1) I think this is a difference in perception based partly on geographic origins. I didn't know anyone middle class or above in Texas who has as little counter space as Bittman has. Anywhere else in the country, someone who makes Mark Bittman's money has granite countertops and a center isle. Even the apartment I shared in Northern Virginia after college had a more spread out kitchen design, with sink, dishwasher and refrigerator running along one wall, and the oven with counter space on either side on the opposite wall. (This was a 3 bedroom apartment with $1300 monthly rent.) Ditto for my Morningside Heights and Spanish Harlem grad school apartments. To people who didn't grow up in the most gentrified and thus highly-priced square footage parts of Manhattan, this is a small kitchen. The apartment I have now in midtown has a kitchen that looks very much like Bittman's, except with a smaller window and possibly a nicer stove.
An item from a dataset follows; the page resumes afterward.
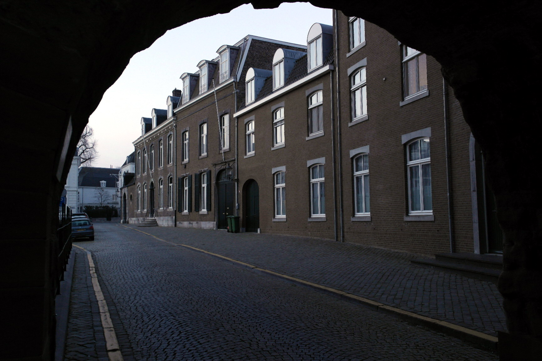 Maastricht, the Netherlands. View of canons' houses at Henric van Veldekeplein-Sint-Servaasklooster from Onder de Bogen, the 13th-century buttresses of the Westwork of the Basilica of Saint Servatius.

ReplyDelete2) Bittman's other home is in Connecticut, not upstate or in the Hamptons, and reportedly it has a bad kitchen too:
From his favorite lunch (a simple skirt steak, cooked by his own hand) to the "awful" kitchen in his Connecticut home, Bittman practices what he preaches in the minimalist department. "I have an electric stove, Formica counters, I have a Magic Chef refrigerator and a really old dishwasher. It doesn't matter. I have good knives. I have good cutting boards. I have decent skillets, but not great. It's bullshit. When people say to me: how can you cook in that kitchen? I say: it's heat. If you can't cook with heat, you can't cook."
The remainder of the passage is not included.